Tension made Grace’s muscles ache. She held her breath as Hendricks carefully dusted off what was clearly a skull. But—instinctively she stepped closer—it was too elongated to be human. And it certainly wasn’t smashed.

Clay folded his arms. “Wonderful, McCormick. You’ve exhumed our family dog. He died of natural causes when I was only fifteen, but feel free to cart him off to a forensic anthropologist if that’ll reassure you.”

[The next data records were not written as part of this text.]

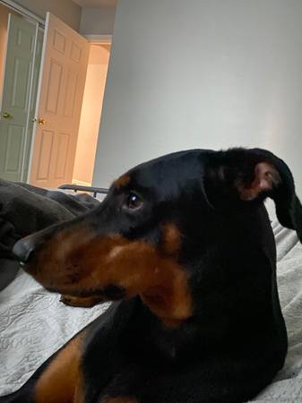Need to rehome a female Doberman 2 yrs old, fixed, friendly and free. She will come with leash, collars, bowl, bones and her shot/ spay records. Text 480329224two.
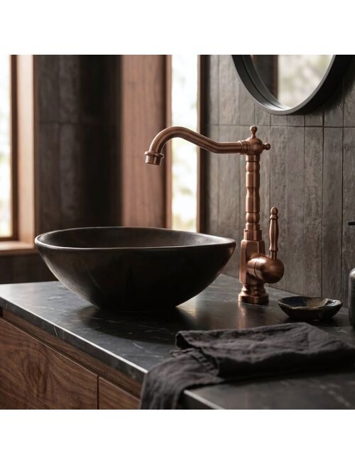 | Bateria umywalkowa wysoka Rea Bona to model zaprojektowany do umywalek nablatowych, utrzymany w estetyce Retro. Solidna konstrukcja oraz wykończenie w kolorze Miedź Szczotkowana sprawiają, że jest to trwały i funkcjonalny element wyposażenia łazienki.Przeznaczenie do umywalek nablatowych – wysoki korpus zapewnia wygodę użytkowania i pasuje do różnorodnych aranżacji.Styl Retro / Vintage – klasyczne wzornictwo z charakterystycznymi detalami wizualnymi.Korpus z mosiądzu – materiał gwarantujący wysoką trwałość, stabilność i odporność na korozję.Powłoka PVD Miedź Szczotkowana – zaawansowana technologia nakładania koloru zapewnia odporność na zarysowania i uszkodzenia mechaniczne.Obracana wylewka – praktyczne rozwiązanie, które zwiększa zasięg strumienia wody i ułatwia codzienne czynności.Bateria Rea Bona to połączenie klasycznego designu z wysoką jakością wykonania. Mosiężny korpus i trwała powłoka PVD zapewniają niezawodność, a obracana wylewka podnosi komfort użytkowania. |
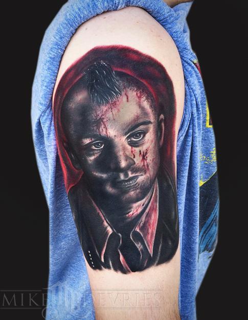 Taxi Driver tattoo. The photo had an interesting lighting source and it was hard to get a good photo. It looks dark but will heal lighter.
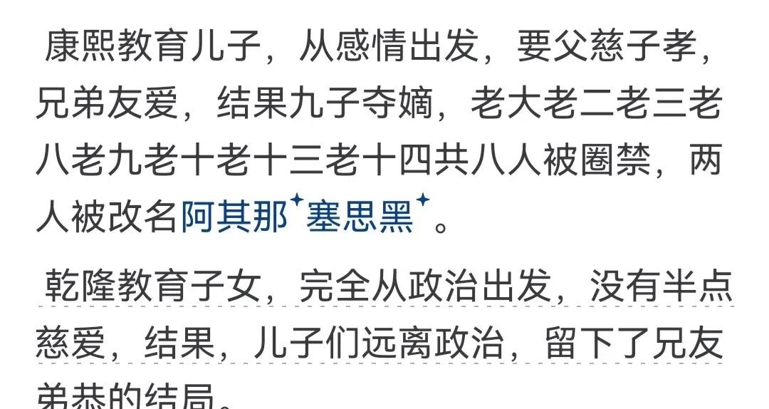 先别忙着反驳,这里有几个细节值得注意。比如康熙的教育方式,是用满满的亲情捂热儿子的心。而乾隆这一套教育风格却完全相反,说他“无情”一点也不夸张。他对继承人的培养简直严苛得过分,从不把感情放在优先考虑,更多是在乎权衡利弊。结果呢?他的后代一个个心理不够健全,能力又差,最终甚至拖垮了整个王朝。

Joe glared at him. But McCormick seemed to breathe more easily as Hendricks placed the skull next to the fabric.

“Keep digging,” Joe said. “I know my uncle’s here somewhere.”

McCormick cocked an eyebrow at Joe as though tempted to refuse. Grace could feel the weight of her mother’s will, pressing him to do just that. And she could tell that it had an effect on him. There was a tangible intimacy between them that surprised her.

And then it all made sense. Her mother wasn’t seeing Jed. She was seeing Chief McCormick.

Grace covered her mouth as she studied her mother. Irene returned her gaze, but wouldn’t hold it, which told Grace almost as clearly as an admission that she was right. Her mother was having an affair with a married man—as they’d feared. But not just any married man. She was sleeping with Stillwater’s Chief of Police!

Turning in Kennedy’s arms, she tried to make out his expression. Was what she saw apparent to everyone? But he didn’t seem to notice anything amiss.

“What is it?” he murmured.

“Nothing,” she said and turned back.

McCormick rested a hand on top of his shovel. “I think we’ve done enough here.”

Because they’d really done enough? Or because he wanted to let Irene off the hook?

Grace watched Irene close her eyes, probably saying a silent prayer of thanks. But Joe wasn’t about to let things go. “Wait a second,” he said. “You’ve got a warrant. You can’t waste the opportunity. You have to dig.”

“I don’t have to do anything,” McCormick said. But when Joe glanced from him to Irene, Grace could tell it pricked the chief’s conscience. No doubt he felt as though he was wearing a scarlet letter. In any case, he quickly backed off. “What the hell,” he said, once again avoiding Irene’s gaze. “We’ve come this far. We might as well make damn sure.”